I can think of so many ways the money could have been utilised effectively and efficiently to benefit the people of India. The least that could have been done is to identify budding sportsmen and train them and help them participate in games held world wide. Not to speak about using all the mindboggling amount of money to alleviate hunger or educate the poor children in a better manner.

And I do not subscribe to the view that infrastructure improves when such International Games are held. Where? In Delhi? Why not hold them in Bihar and Chattisgarh?
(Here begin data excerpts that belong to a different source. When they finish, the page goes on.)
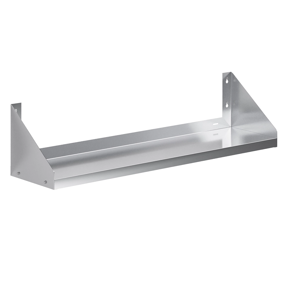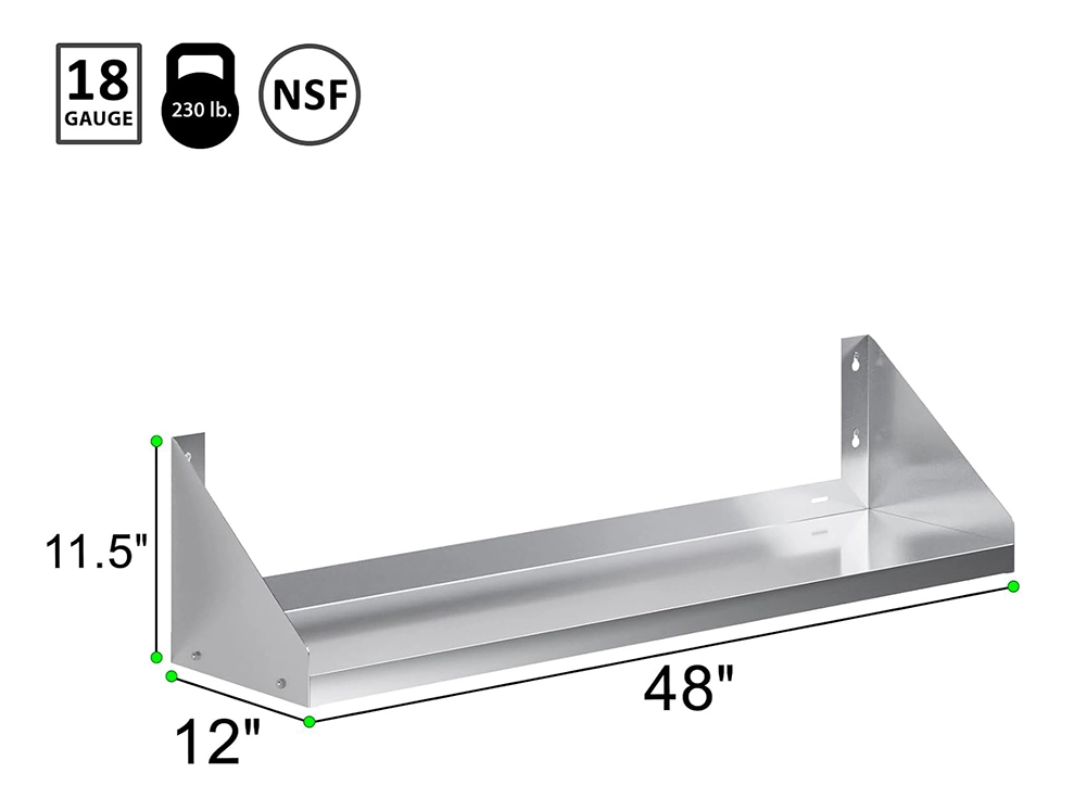 The shelf measures 48 inches in length and 12 inches in depth, providing ample space to store and display a variety of items, from kitchen utensils and appliances to tools and supplies. The addition of side guards is a thoughtful design feature that helps keep your items securely in place, preventing spills and ensuring a neat and orderly storage area. These side guards make the shelf particularly useful in busy kitchens, workshops, and other high-traffic areas where maintaining organization is crucial.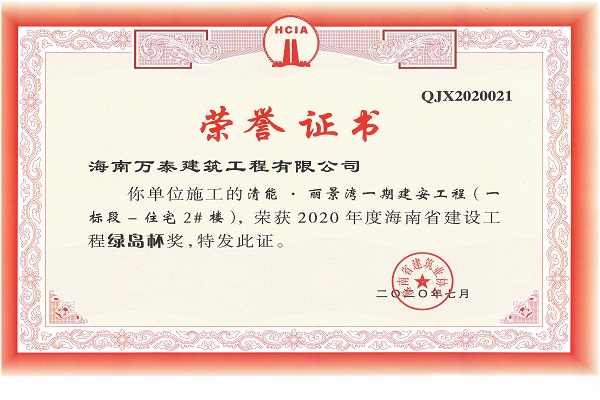 海南省建設(shè)工程“綠島杯”代表著海南省工程建設(shè)的最高質(zhì)量水平。海南萬泰公司獲得此項榮譽,不僅是對“清能·麗景灣一期建安工程(一標段—住宅2#樓)質(zhì)量的肯定,也是對海南萬泰公司管理水平的肯定。
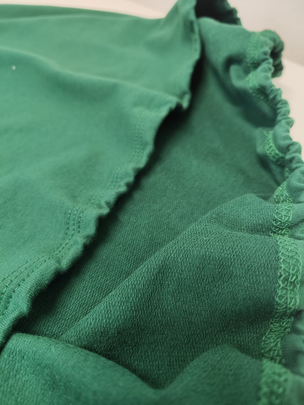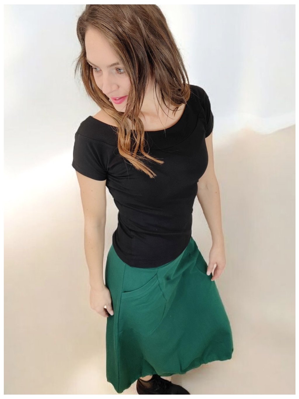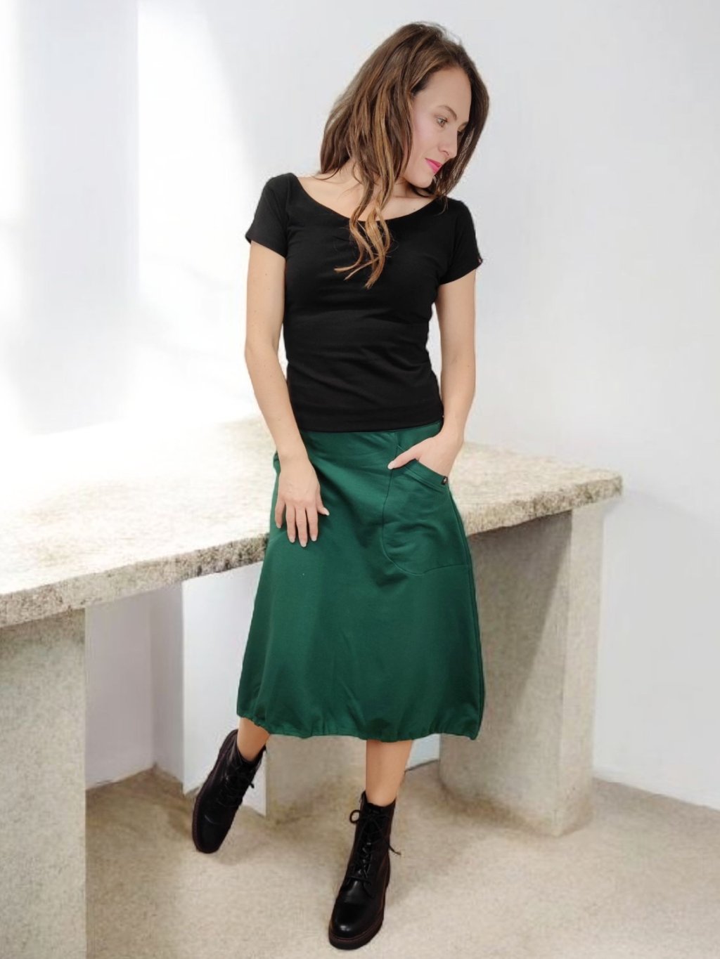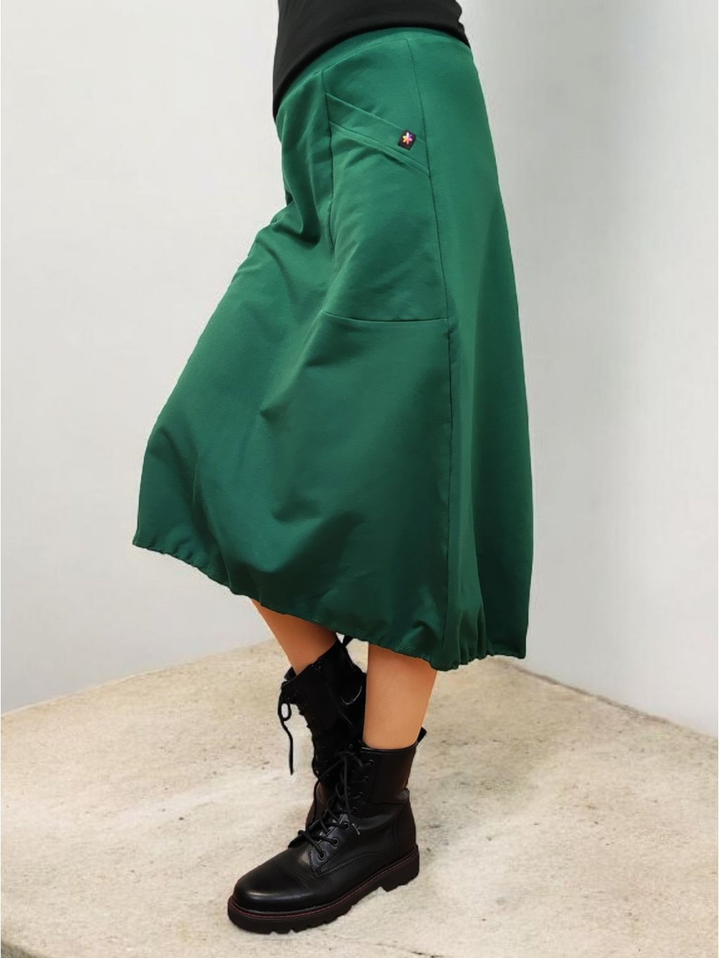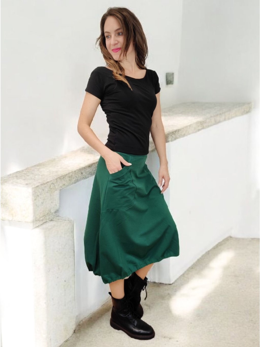 Tato sukně se nosí na bocích, nikoli v pase. Všitá guma je ve stejné barvě jako látka, což působí elegantně a čistě. Spodní část je stažená gumou do balonkového tvaru, díky čemuž sukně působí živě a má přirozený objem. Střih je pohodlný a nápaditý zároveň.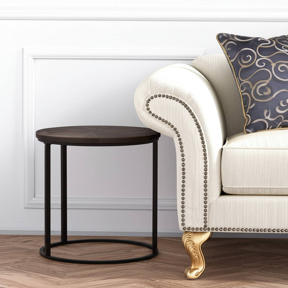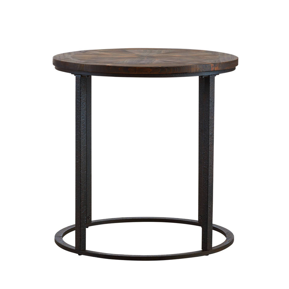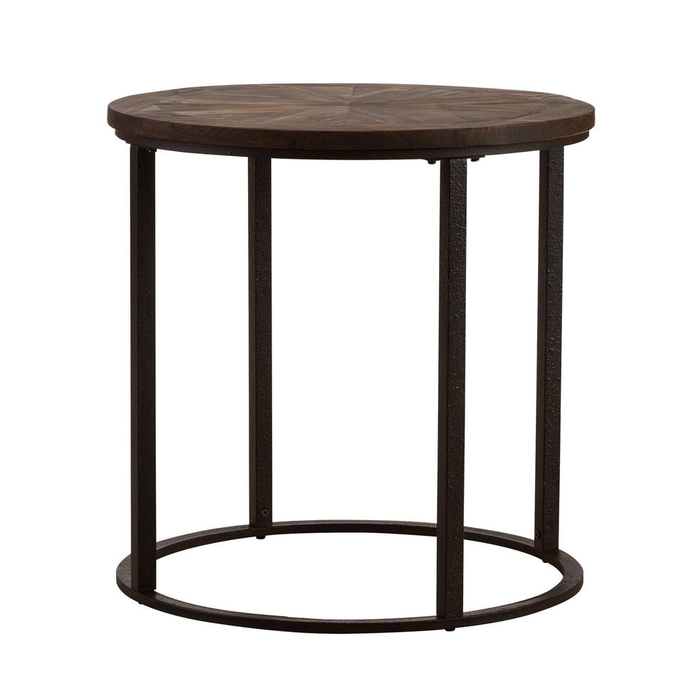 24\" HMS Natural Wood Solid and Iron Round End Table for Living Room Furniture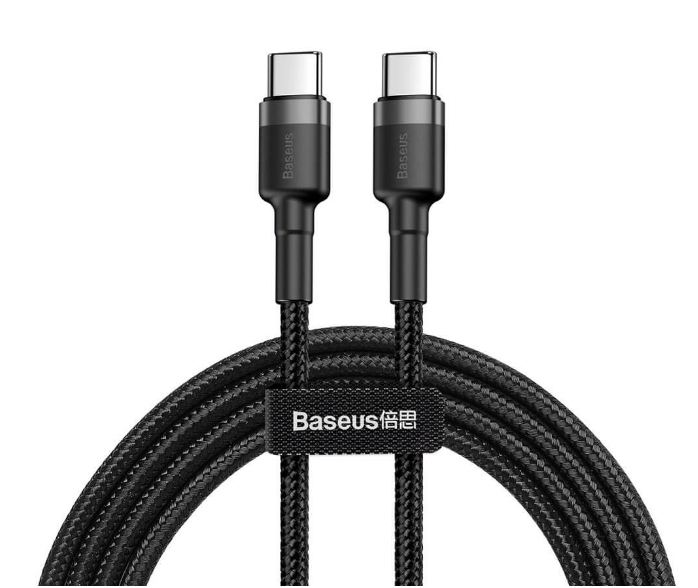 CABLU alimentare si date Baseus Cafule, Fast Charging Data Cable pt. smartphone, USB Type-C la USB Type-C PD2.0 20V/5A, brodat, 2m, gri+negru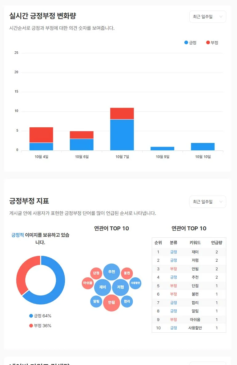 바인더를 통해 관련 게시글의 확산 속도와 감정 비율을 실시간으로 파악했습니다.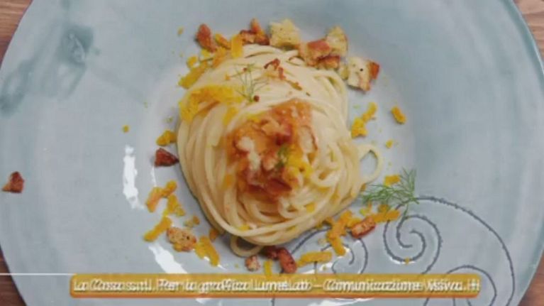Saporitissimo primo piatto, spaghetti conditi con bottarga di muggine, sempice e veloce per una ricetta succulenta.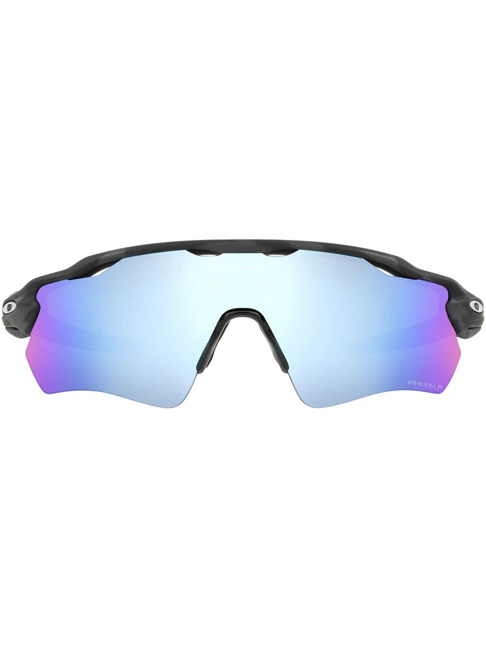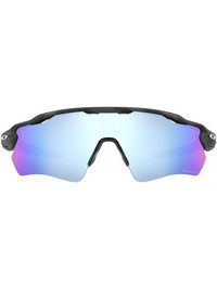 Radar EV Path band sunglasses black acetate mirrored lenses logo embellishment These glasses come with a protective case. Made in United States Composition Acetate 100% SIZE & FIT Measurement Arm Length 5.03 in(12.8 cm) Bridge Width 5.43 in(13.8 cm) Lens Diameter 1.49 in(3.8 cm)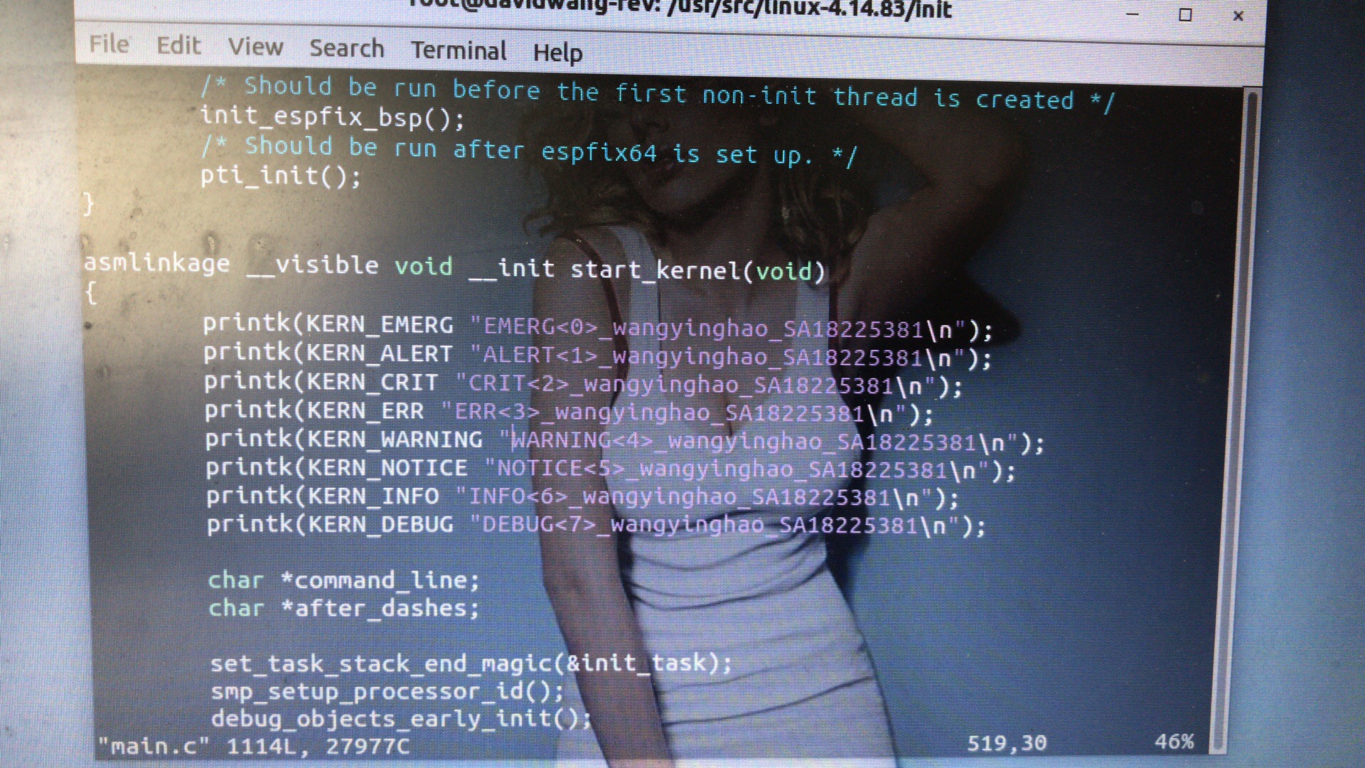 vim main.c 在start_kernel 513行添加printk(KERN_DEBUG "------");(打印个人信息)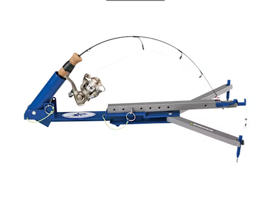 Forget having to constantly watch your rods for bites. Set the hook every time with the JawJacker. This ice-fishing tip-up watches your rod and sets the hook for you, responding to even the most sensitive bites so you can land more monsters. Adjustable to fit rod length, sensitivity and hooksetting power. Compact size when folded for easy transportation.

We need to gather our act together if we truly want our nation to be promoted to the category of 'developed country' instead of continuing to wallow under the title 'developing country' which is what we have been for the past 60 years or so. Otherwise our skewed up development with high rise buildings at one side and unimaginable poverty on the other side would be nothing other than a ticking time bomb and it will not be long before it explodes in our face.